Source data -

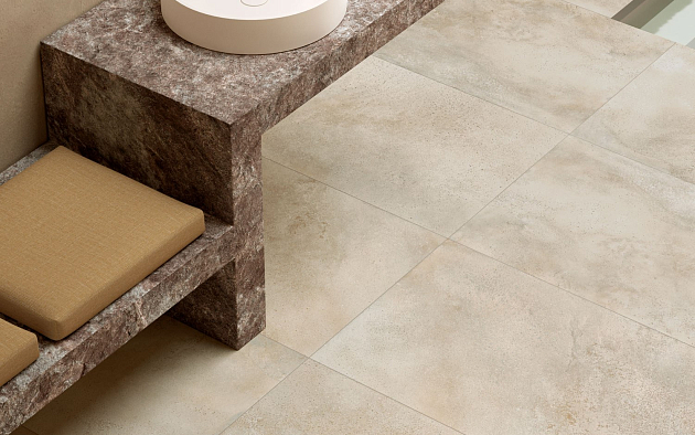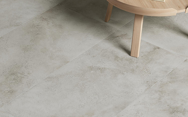 Этой осенью ассортимент Coliseum пополнился коллекцией Monza — керамогранитом в формате 60×120 см, воспроизводящим эстетику необработанного бетона. Главная особенность серии заключается в способе создания дизайна: графика плитки разработана на основе реальных цементных образцов, изготовленных мастером вручную. Такой подход позволил добиться максимально достоверной передачи текстуры — с характерными разводами, неравномерностью тона и мелкими минеральными включениями, которые обычно появляются на поверхности свежего бетона при естественном высыхании.
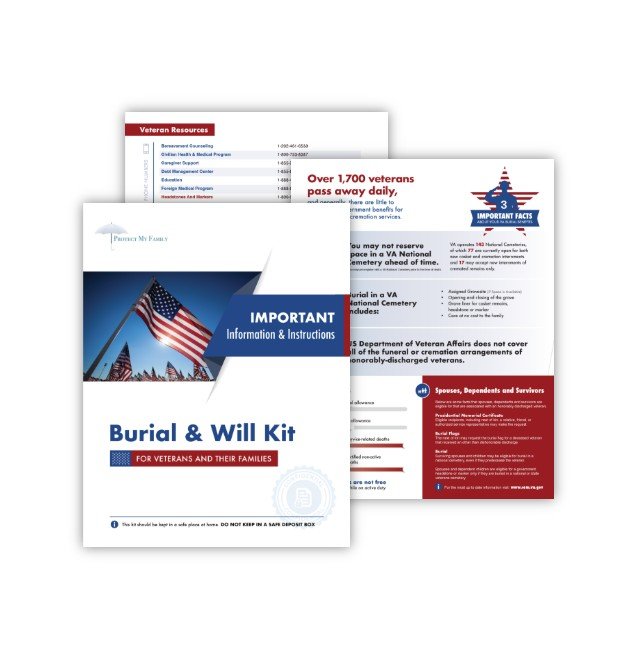 With over 1,700 Veterans passing away daily, knowing exactly what you are covered for and entitled to is of the utmost importance. That’s why we created the Will Kit and Burial Guide for Veterans. This resource includes a Family Information Guide and a Last Will and Testament Kit to ensure your family is protected and prepared for the future.
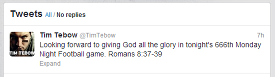 On the second Monday of October, Tebow took a respite from reading his papyrus playbook to declare his intentions for the eve: “Looking forward to giving God all the glory in tonight’s 666th Monday Night Football game. Romans 8:37-39.”
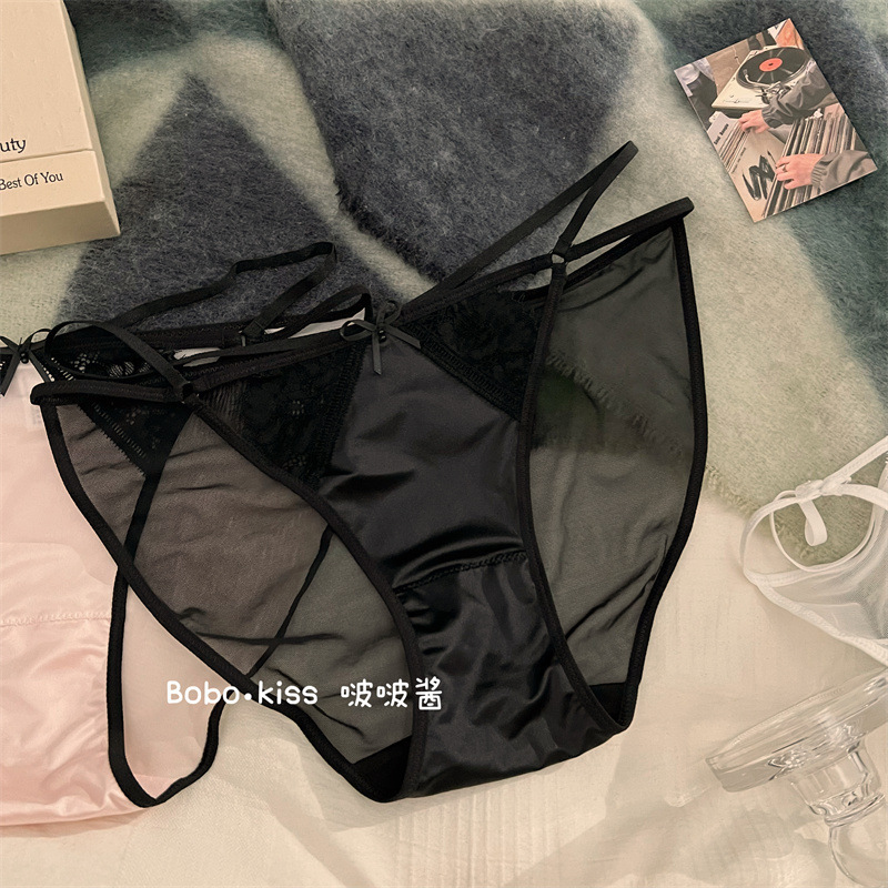 法式缎面纱网细带性感蕾丝女士内裤纯欲风时尚简约少女三角裤批发
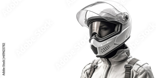 Portrait of a young woman in a motorcycle helmet and racing suit, close-up. Generative AI
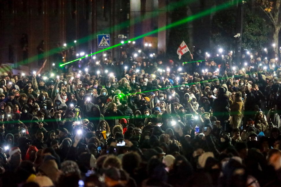 De pågående protesterna utlöstes av det alltmer Rysslandstillvända regeringspartiet Georgisk dröms besked om att frysa alla samtal om EU-medlemskap till 2028, trots att landet fick kandidatstatus i slutet av fjolåret.
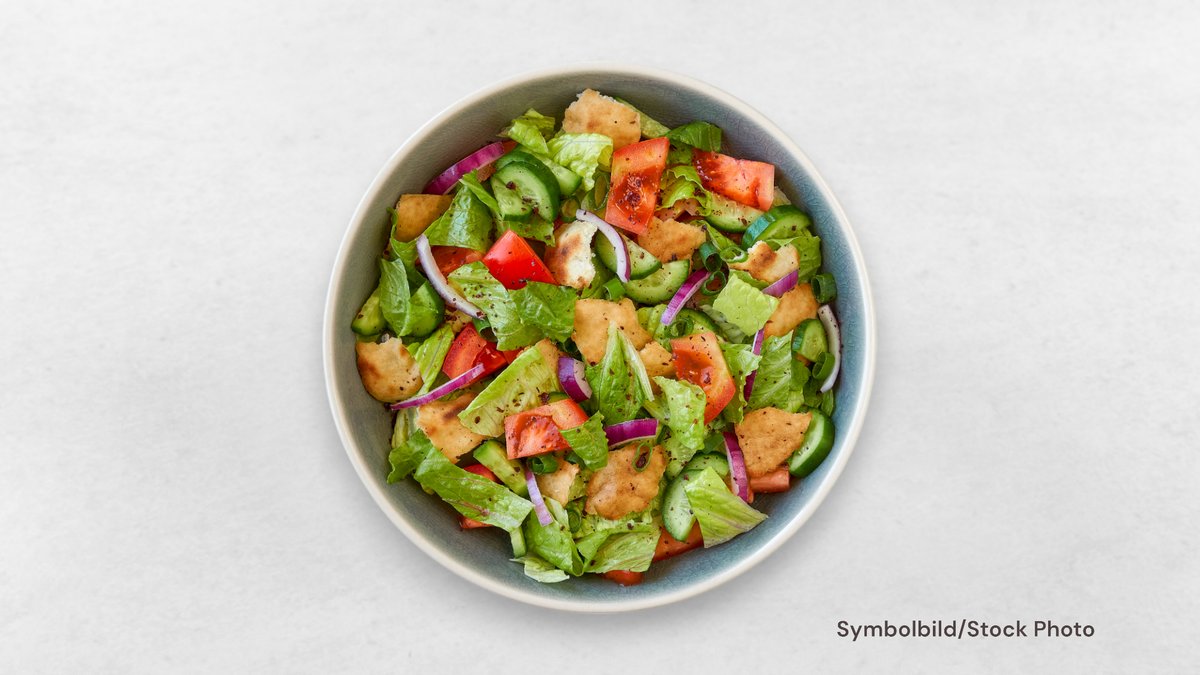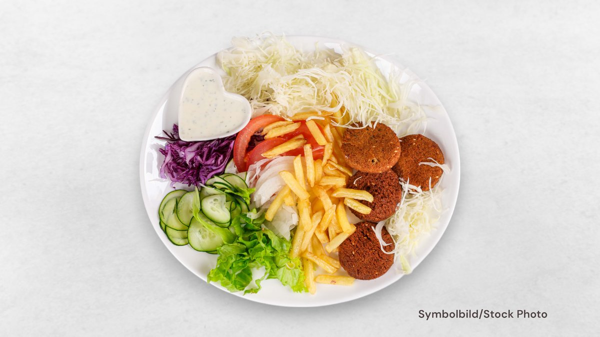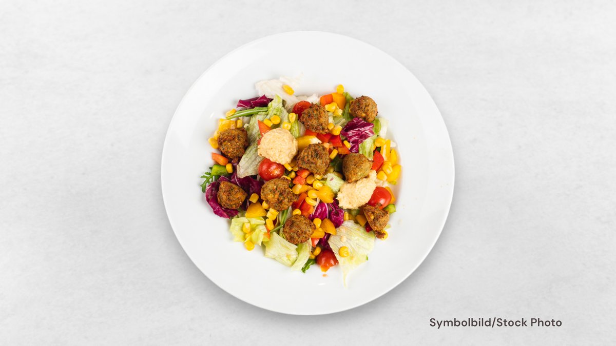 Falafelsalat, Tomaten, Gurken, Zwiebeln, Joghurt-Dressing
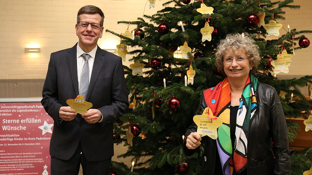 Foto (Universität Paderborn, Caroline Kloesel): Die Universitätsgesellschaft Paderborn hat in diesem Jahr die Jugendrotkreuz-Weihnachtsaktion für bedürftige Kinder im Kreis Paderborn unterstützt: (v. l.) Dr. Andreas Siebe und Heike Käferle, Vorstand Universitätsgesellschaft.
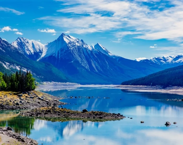 Bland parkens höjdpunkter finns den vackra Maligne Lake, känd för sitt azurblå vatten som omges av majestätiska bergstoppar och glaciärer. Sjön är mycket populär under sommarmånaderna, så vi rekommenderar att du besöker Maligne Lake tidigt på dagen. Om du tar bilen cirka 48 km från centrala Jasper ut till sjön kan du även stanna vid flera spännande platser längs vägen. Under färden får du chansen att upptäcka både Rocky Mountains djupaste ravin, Maligne Canyon, och den särpräglade Medicine Lake.
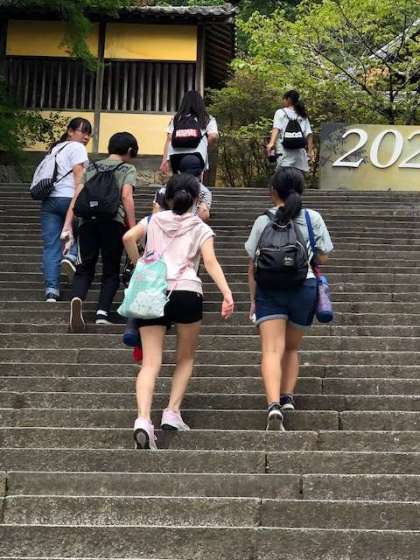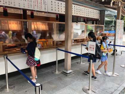 みんな頑張って785段の階段を上り切りました。上でアクエリアスを飲んだら、あとは楽しみにしていたおみやげのお買い物タイム。そこでしか買えない金の幸せの御守りをさっそく買う人がいました。今から下に下りて、お買い物の続きです。
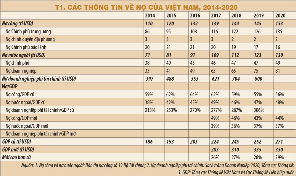 Nợ nước ngoài năm 2020 là 130 tỉ đô la Mỹ (USD) và năm 2021 ước đoán là 139 tỉ USD, bằng 47-48% GDP, tăng lên nhiều so với mức 38% GDP năm 2014. Mới đây, Tổng cục Thống kê đưa ra số liệu mới về GDP cao hơn tính toán trước là 26-29%, và do đó làm giảm tỷ lệ nợ trên (xem bảng T1).
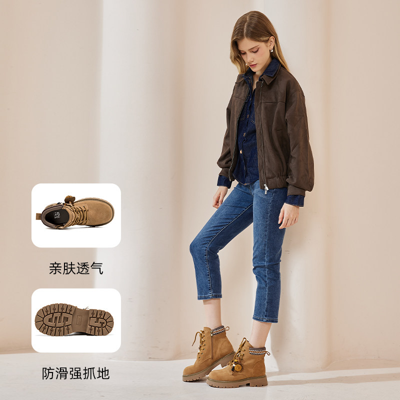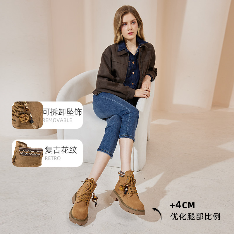 天美意复古英伦风厚底加绒马丁靴女鞋子冬新款休闲短靴皮靴时装靴
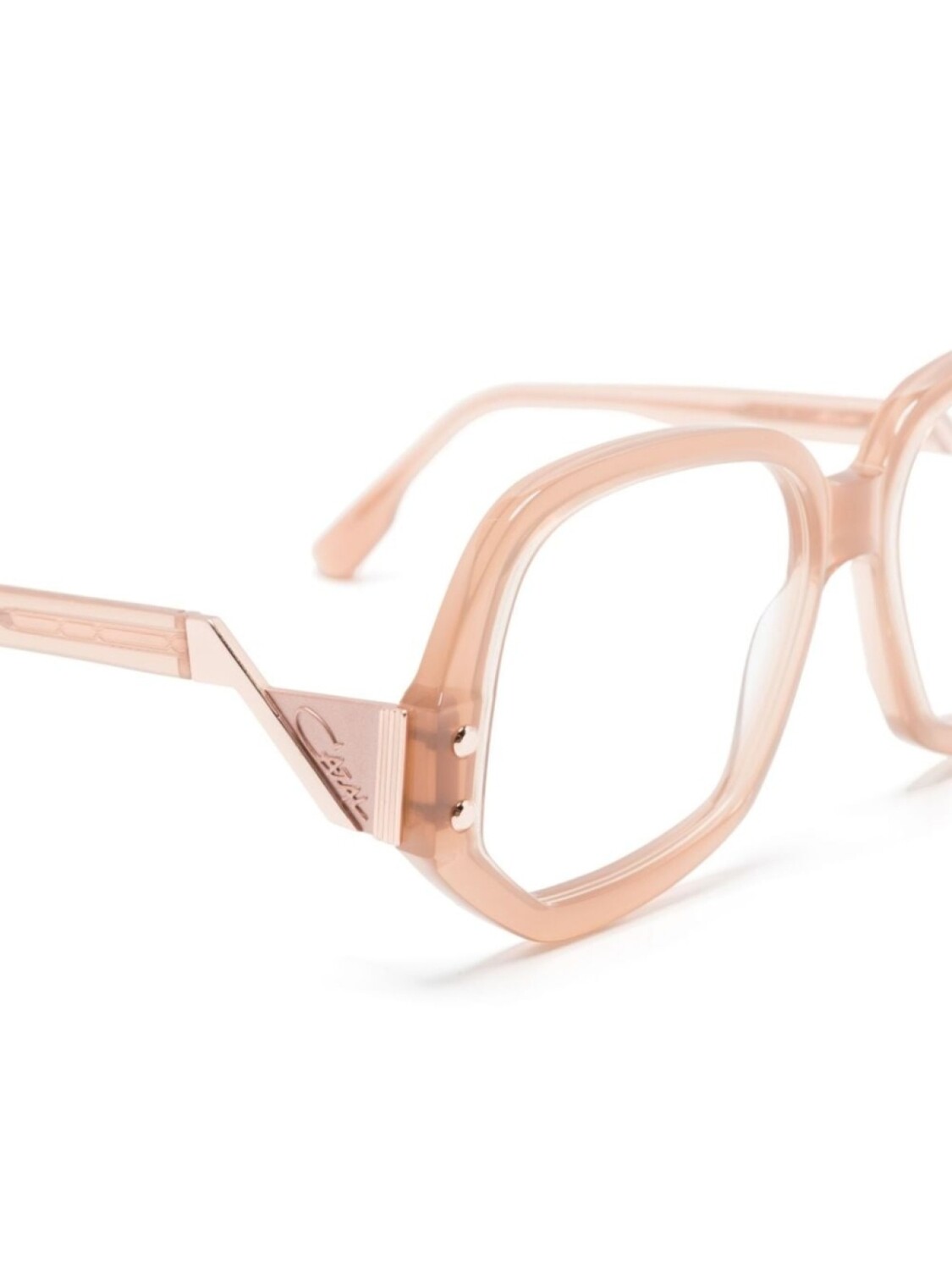 Светло-розовый, ацетат/акриловое стекло, прозрачный материал, оправа геометрической формы, прозрачные линзы, фурнитура цвета розового золота, тисненый логотип на дужке, скульптурные дужки, дужки с закругленными концами, Обратите внимание, что на FARFETCH продаются оправы с линзами без диоптрий.
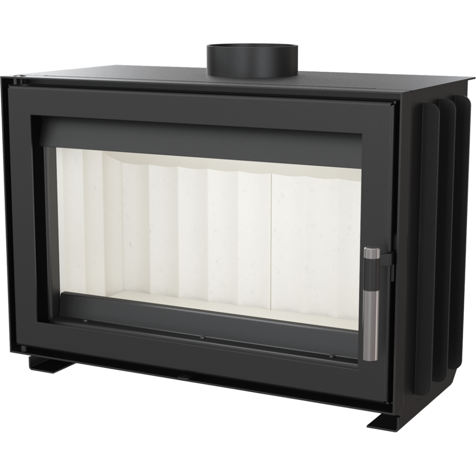 Корпус камеры изготовлен из специальной термостойкой стали, для улучшения тепловых характеристик камера изнутри выложена вермикулитом. Большое термостойкое стекло с системой самоочищения позволяет насладиться видом горящих дров. Дополняет современный вид камина стильная ручка.
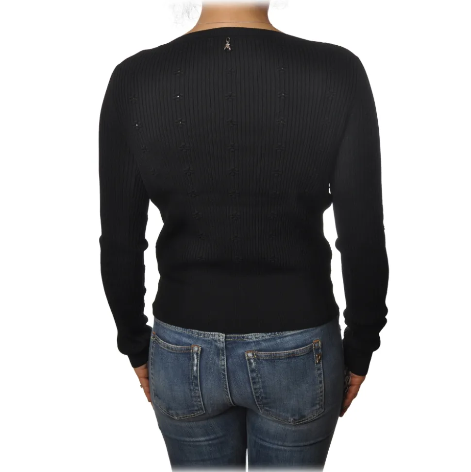 Patrizia Pepe – Crew-neck Ribbed Sweater – Black – Pullover – Made in Italy – Luxury Exclusive Collection

What you should do - In the data above, start at the line holding "法式缎面纱网细带性感蕾丝女士内裤纯欲风时尚简约少女三角裤批发" and stop after the line holding "Корпус камеры изготовлен"; write out those lines exactly, without pictures.

Answer to the exercise -
 法式缎面纱网细带性感蕾丝女士内裤纯欲风时尚简约少女三角裤批发
 Portrait of a young woman in a motorcycle helmet and racing suit, close-up. Generative AI
 De pågående protesterna utlöstes av det alltmer Rysslandstillvända regeringspartiet Georgisk dröms besked om att frysa alla samtal om EU-medlemskap till 2028, trots att landet fick kandidatstatus i slutet av fjolåret.
 Falafelsalat, Tomaten, Gurken, Zwiebeln, Joghurt-Dressing
 Foto (Universität Paderborn, Caroline Kloesel): Die Universitätsgesellschaft Paderborn hat in diesem Jahr die Jugendrotkreuz-Weihnachtsaktion für bedürftige Kinder im Kreis Paderborn unterstützt: (v. l.) Dr. Andreas Siebe und Heike Käferle, Vorstand Universitätsgesellschaft.
 Bland parkens höjdpunkter finns den vackra Maligne Lake, känd för sitt azurblå vatten som omges av majestätiska bergstoppar och glaciärer. Sjön är mycket populär under sommarmånaderna, så vi rekommenderar att du besöker Maligne Lake tidigt på dagen. Om du tar bilen cirka 48 km från centrala Jasper ut till sjön kan du även stanna vid flera spännande platser längs vägen. Under färden får du chansen att upptäcka både Rocky Mountains djupaste ravin, Maligne Canyon, och den särpräglade Medicine Lake.
 みんな頑張って785段の階段を上り切りました。上でアクエリアスを飲んだら、あとは楽しみにしていたおみやげのお買い物タイム。そこでしか買えない金の幸せの御守りをさっそく買う人がいました。今から下に下りて、お買い物の続きです。
 Nợ nước ngoài năm 2020 là 130 tỉ đô la Mỹ (USD) và năm 2021 ước đoán là 139 tỉ USD, bằng 47-48% GDP, tăng lên nhiều so với mức 38% GDP năm 2014. Mới đây, Tổng cục Thống kê đưa ra số liệu mới về GDP cao hơn tính toán trước là 26-29%, và do đó làm giảm tỷ lệ nợ trên (xem bảng T1).
 天美意复古英伦风厚底加绒马丁靴女鞋子冬新款休闲短靴皮靴时装靴
 Светло-розовый, ацетат/акриловое стекло, прозрачный материал, оправа геометрической формы, прозрачные линзы, фурнитура цвета розового золота, тисненый логотип на дужке, скульптурные дужки, дужки с закругленными концами, Обратите внимание, что на FARFETCH продаются оправы с линзами без диоптрий.
 Корпус камеры изготовлен из специальной термостойкой стали, для улучшения тепловых характеристик камера изнутри выложена вермикулитом. Большое термостойкое стекло с системой самоочищения позволяет насладиться видом горящих дров. Дополняет современный вид камина стильная ручка.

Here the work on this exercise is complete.